You're a restaurant in Greenwich. You're not the 8:00pm coveted table at Marea, or the frankly impossible to get even ten years later table at Babbo. I walked out of a restaurant in Paris because the service sucked so badly, but at least I was in Paris where an argument could be made for bad service being part of the ambience. Not so in Fairfield county. I know that Polpo is a hub for hedgies and that won't change, because there's nothing better than being a hedgie and taking clients out to a place that does more of a 4x wine markup than a 2.5x (I also really love an Italian restaurant that gives about equal space to Italian wines and Bordeaux and California - nothing says class better than linguine with clam sauce accompanied by a 1990 Haut-Brion).
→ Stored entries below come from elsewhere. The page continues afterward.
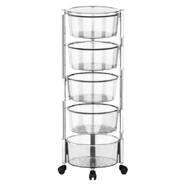 مصنوع من مادة PET المتينة مع دعامات من الفولاذ المقاوم للتآكل، ويتميز برفوف قابلة للدوران وسلال مجوّفة قابلة للإزالة، إضافة إلى عجلات ABS هادئة وسلسة للحركة. بتصميم أنيق وشفاف من 4 طبقات - 5 رفوف
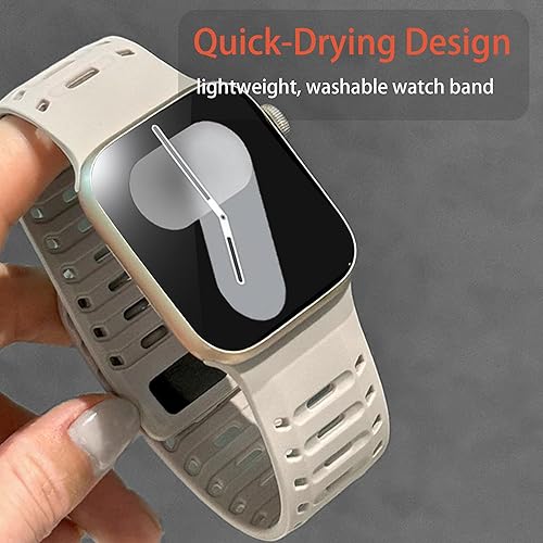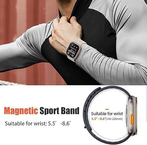 【Super Strong Magne@tic Buckle & Safety Clasp】magnetic silicone apple watch band This watch band features premium N53 neodymium ma@gnets and durable 316 stainless steel buckle, providing unparalleled security and anti-ma@gnetic performance. There are 12 ma@gnets on the long band and 5 ma@gnets on the short band to ensure a perfect fit, keeping your watch safe during intense activities such as sports, exercise, or outdoor adventures. The double protection design guarantees safety and fashion.
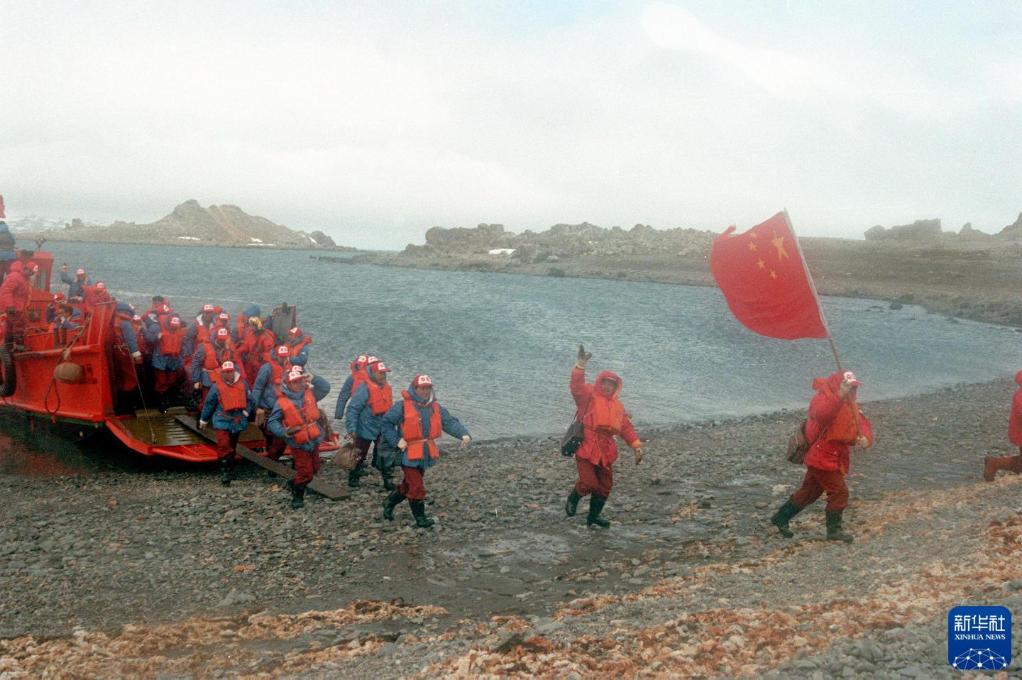 1984年12月30日,中國南極考察隊在喬治王島菲爾德斯半島的灘頭登陸成功。 新華社記者 朱幼棣 攝

But, for the people that I know occasionally come here from one of the Greenwich blogs, take note: the Batali/Bastianich empire has an outpost. Tarry Lodge was so far superior in every way the two times I ate there to the frankly embarrassing meal we had at Polpo that I am absolutely flummoxed the latter has managed to stay in business since the former opened. And it's about 40% cheaper.

And, to reiterate: none of this could have been anticipated or prevented by devoted partner. Who rocks!
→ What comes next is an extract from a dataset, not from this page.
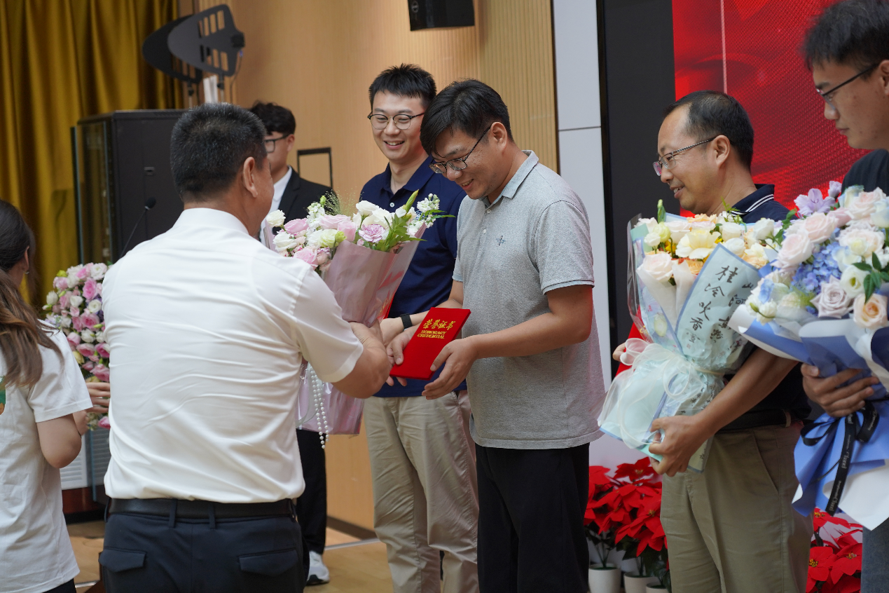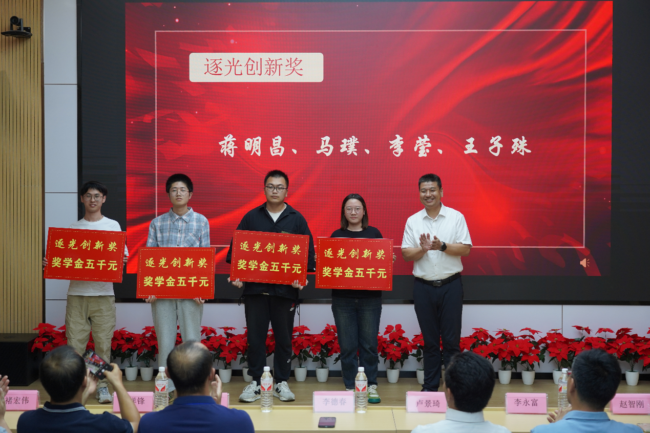在会议表彰环节,李德春为蒋明昌等四位同学颁发了逐光创新奖,表彰他们在科研道路上取得的优异成绩;为褚宏伟等四位教师颁发了优秀指导教师奖,感谢他们在学生科研成长之路上的精心指导与辛勤付出。

Now a little bit of good. You might remember that I am still on the hunt for an aesthetician who neither mocks me nor does a half-assed job. And I may have found her. Suzana (or Susannah?) at Hopscotch on Railroad Avenue gave me the best waxing I have had in years. The Best! I literally only had to go back over her job to get like 6 pesky hairs - everything else was as smooth as I've seen it. She listened to what I wanted and adhered to the shaping and sizing of certain areas without editorializing. Yes, it was more money than I ideally would like to spend, but if the results are this consistent, well, crap, I'll spend the extra money.

Tuesday, February 16, 2010

The Easiest Way To Make Me Cry (That Doesn't Involve a Coffee Commercial)
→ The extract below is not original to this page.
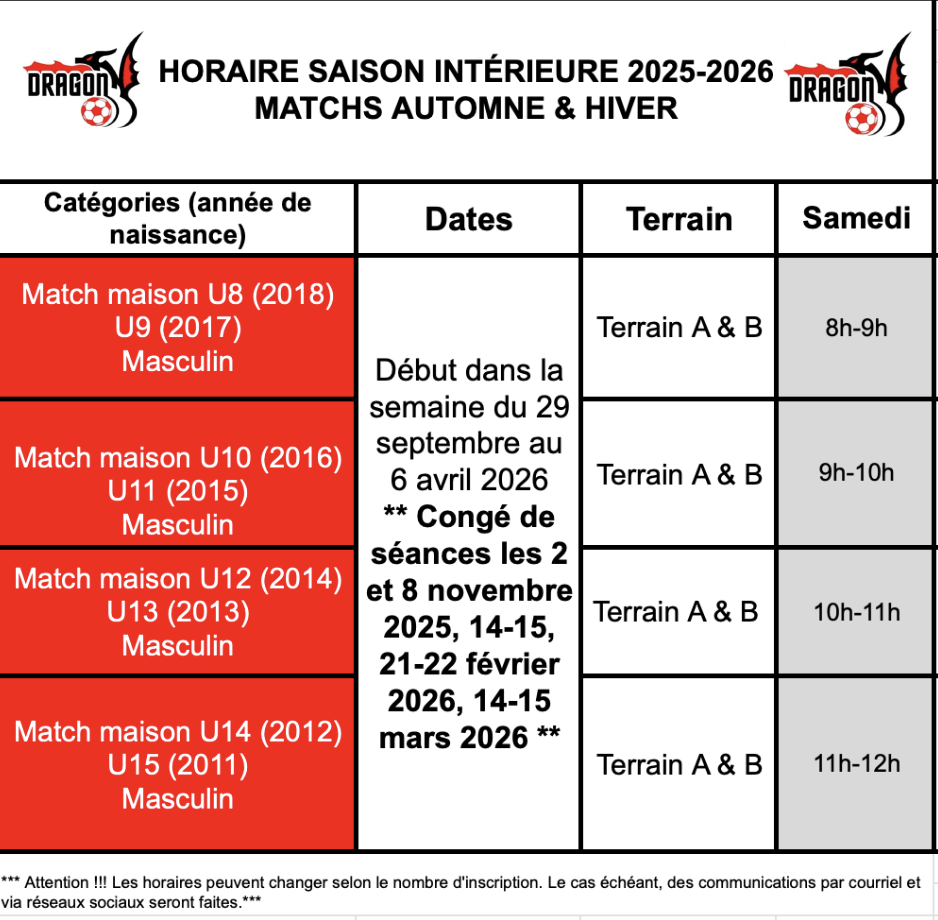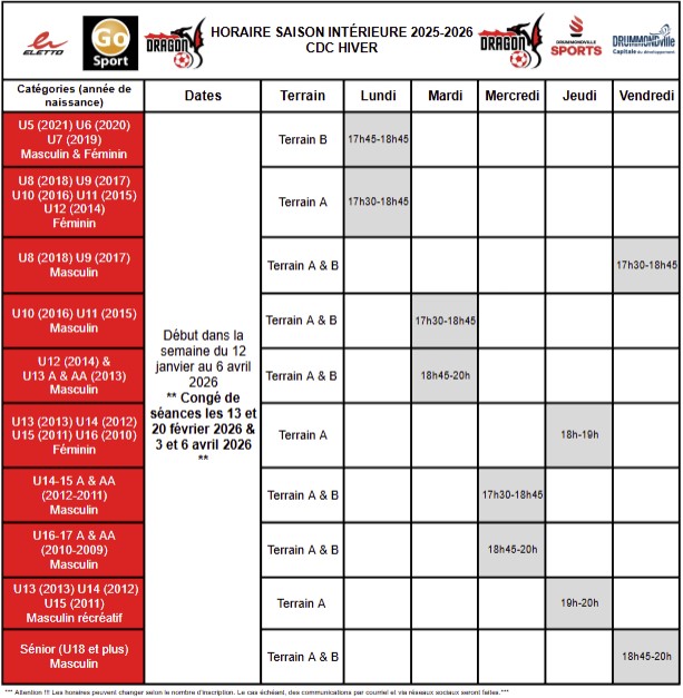 Pour toutes questions sur les horaires et les programmes, communiquez avec nous par courriel : cs.dragons@soccerdrummond.ca

In addition to discovering that I am a rabid free-market capitalist (after responding to a push poll paid for by Cablevision, the bane of my existence), this weekend also proved that I am an utter and complete sap. And it had very little to do with the feast of St. Valentine (though let me say, Devoted Partner brought me breakfast in bed and added to my collection of Alessi decor and for that he should be universally praised - also there was a Carvel milkshake and Dune). While other, less sentimental types were focused on themselves and their ephemeral celebrations, I was glued to the couch (big surprise, I know) watching the Olympics.

When first the Olympics did their special-interest bs coverage of the athletes, they were hamfisted about it. Their cloying interviews and soft-focus montages frankly blew. And I was pissed that I saw fewer events and more stories about people's moms driving 59 hours a day to and from practice for little Johnny Ski Jump. But Olympics coverage has improved. Drastically.

Now the coverage of individual athletes is shorter and more strategically targeted to your heartstrings. And they're running more of the events - even the boring ones like 15k cross-country. And I am lapping it up.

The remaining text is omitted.